Tortura policial é herança da Ditadura Militar
A Ditadura Militar e a atuação das polícias nas periferias do Brasil nos dias de hoje têm uma relação mais estreita do que se imagina. Para a integrante do grupo Tortura Nunca Mais, Cecília Coimbra, uma das principais heranças deixadas pelo regime é a
Publicado 03/09/2007 21:27 | Editado 04/03/2020 17:12
Em entrevista à RadioCom de Pelotas, a ativista aponta que polícia ainda utiliza mecanismos que se destacaram durante a Ditadura Militar, como a tortura e os extermínios. Técnicas que ganham respaldo na sociedade por meio das coberturas jornalísticas, que transformam a repressão da polícia em algo necessário para manter a segurança nas grandes cidades.
“No Brasil, sempre se torturou. Não foi a ditadura que inventou a tortura. O Brasil, desde que foi descoberto, tortura: tortura índio, negro, pobre, o diferente. Mas o que aconteceu durante a ditadura, é que a tortura se tornou uma política oficial do Estado brasileiro. E foram torturados, naquele momento, inclusive integrantes da classe média. Naquele momento, se sofisticaram uma série de técnicas de tortura, que hoje continuam sendo utilizados contra a pobreza. Por exemplo, aqui no Rio é muito comum, são os chamados de auto de resistência. É algo que já existia antes da Ditadura mas foi largamente utilizada por ela, que consiste em você matar o sujeito e depois vai para a delegacia e diz que houve reação à prisão. O cara é assasinado, é extermínio mesmo”, relata.
Apesar de adotarem as mesmas técnicas, as torturas utilizadas hoje pela polícia e na Ditadura Militar possuem diferenças. No regime militar, a tortura foi institucionalizada como mecanismo de luta contra a população considerada terrorista. Hoje, o uso da violência para manter a segurança é velado. Além disso, aponta Cecília, a tortura durante a Ditadura atingiu pobres e classe média, sem distinção de classe social, o que já ocorre atualmente.

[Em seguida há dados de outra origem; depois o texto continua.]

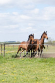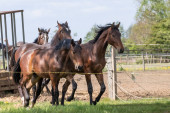 Stado młodych ogierów idzie na pastwisko po raz pierwszy w słoneczny wiosenny dzień. Błękitne niebo. Galopujące ujeżdżenie i skakanie ogierów konnych na łące. Konie hodowlane.
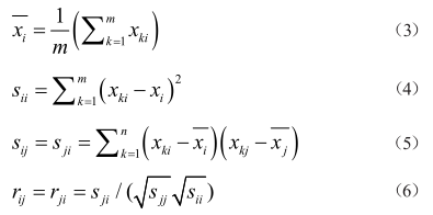 第二步: 故障预警部件参数设为x n 计算所有参数的平均值ix 、 离均差平方和s ii 、 协方差矩阵S=(s ij ) n×n' 和相关系数矩阵R=(r ij ) n×n' 。
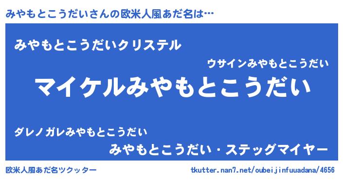 | 男性向けラノベタイトル風あだ名 | 『みやもとこうだいの憂鬱』 |
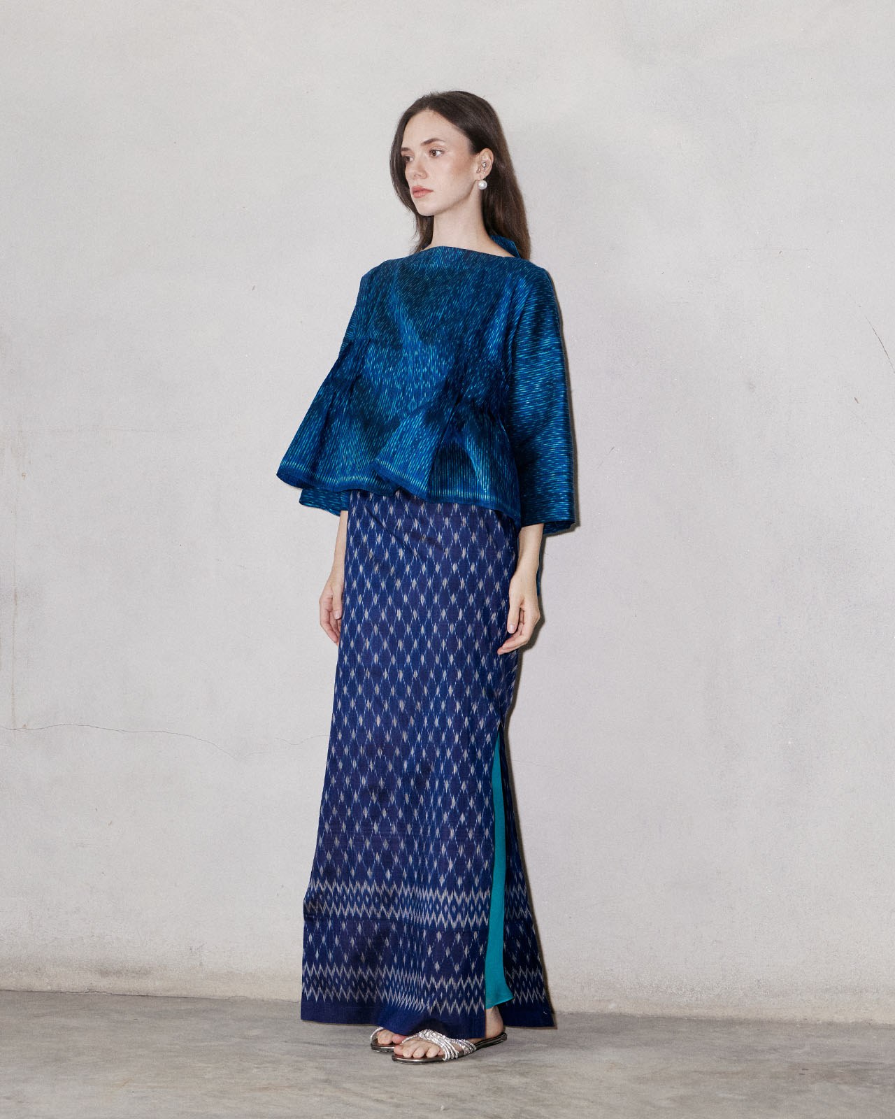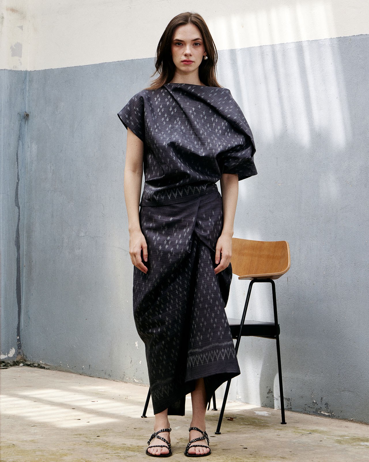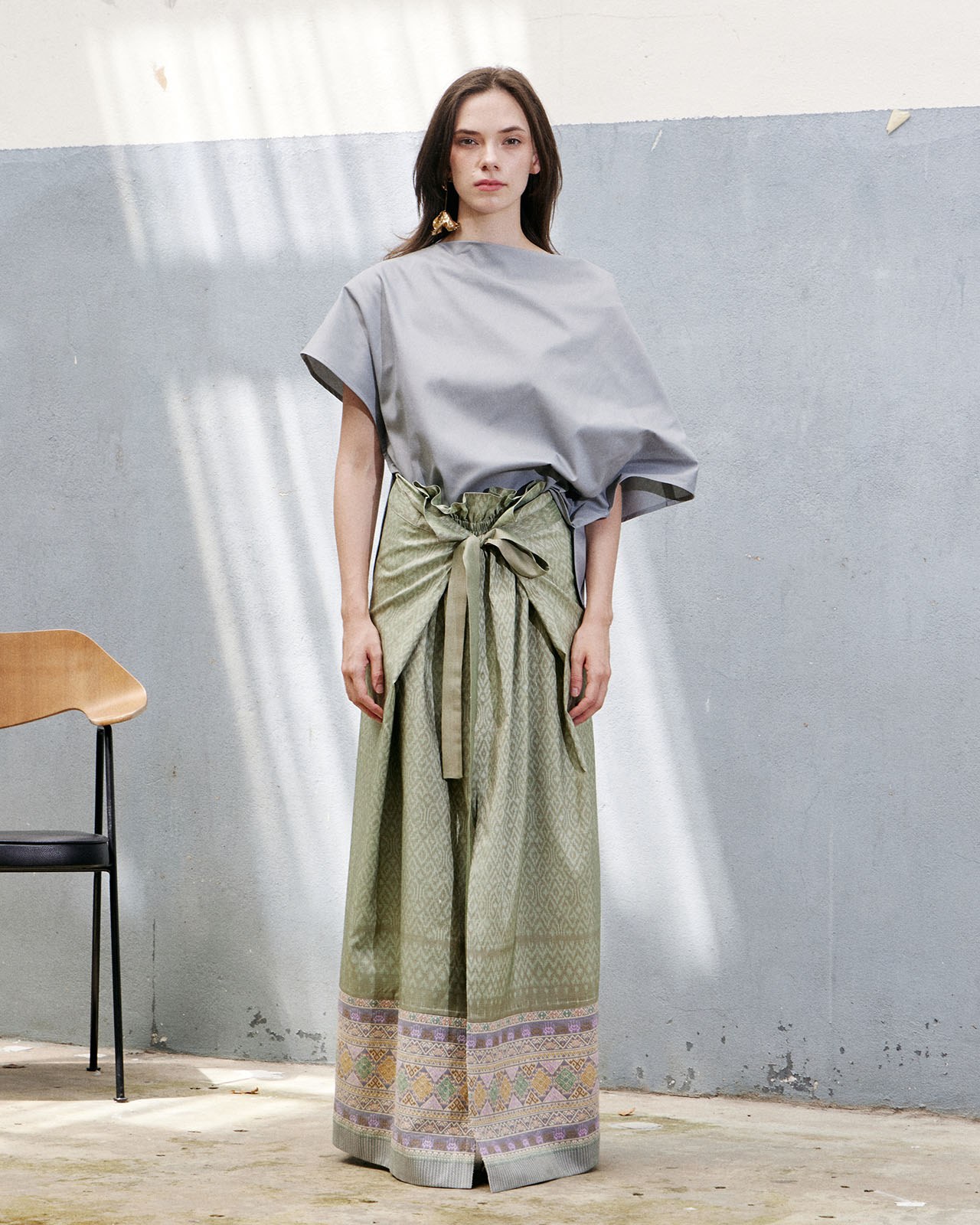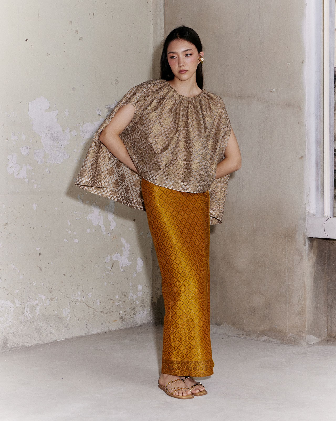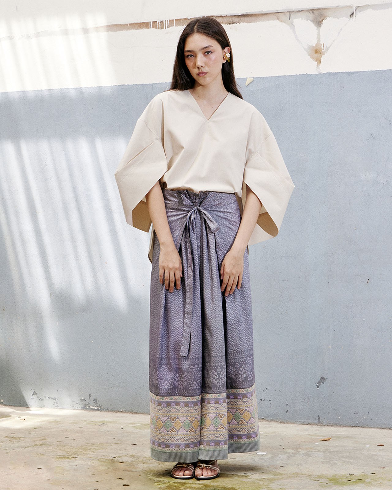 Inspired by working with materials. Designed based on the characteristics of the fabric and pattern to minimize fabric waste. But still maintaining the elegance and uniqueness of contemporary Thai fabrics very well.

Para a ativista, o reconhecimento da violência pelo governo brasileiro é positivo na tentativa de julgar os agressores. Mas não basta. As entidades de direitos humanos querem que o governo abra os arquivos da Ditadura Militar, a exemplo do Chile e da Argentina, para condenar os torturadores. “O Brasil, pela primeira vez, reconheceu oficialmente que o Estado brasileiro torturou, seqüestrou, ocultou cadáveres. Pela primeira vez o Estado assumiu e isso é importante. No entanto, em nenhum momento o Estado abriu os arquivos da Ditadura. É uma coisa até meio perversa, porque os parentes das vítimas é que têm que comprovar o que aconteceu, que o seu parente estava sob a tutela do Estado”, diz.
Mais de 180 pessoas desapareceram durante a Ditadura Militar, ou seja, foram mortas. Milhares sofreram torturas. No entanto, nem todas as famílias receberam indenizações do governo federal. Cecília afirma, ainda, que muitos torturadores trabalham em órgãos do poder policial e da Justiça. É o caso de embaixadores que monitoravam brasileiros oposicionistas que viviam no exterior e que ainda estão na ativa.
Em 1995, o presidente Fernando Henrique Cardoso criou uma comissão para tratar do tema dos desaparecidos políticos, mas pouco se avançou no julgamento dos torturadores. “O Brasil, infelizmente, é um dos países mais atrasados em relação ao resgate da memória. Nos anos 70, o Brasil exportou suas técnicas para outras ditaduras latino-americanas recém instaladas. O Brasil exportou a figura do desaparecido político, o manual de tortura e os torturadores. Temos o conhecimento de vários brasileiros que interrogaram chilenos, uruguaios e argentinos e ensinando técnicas de tortura”, afirma.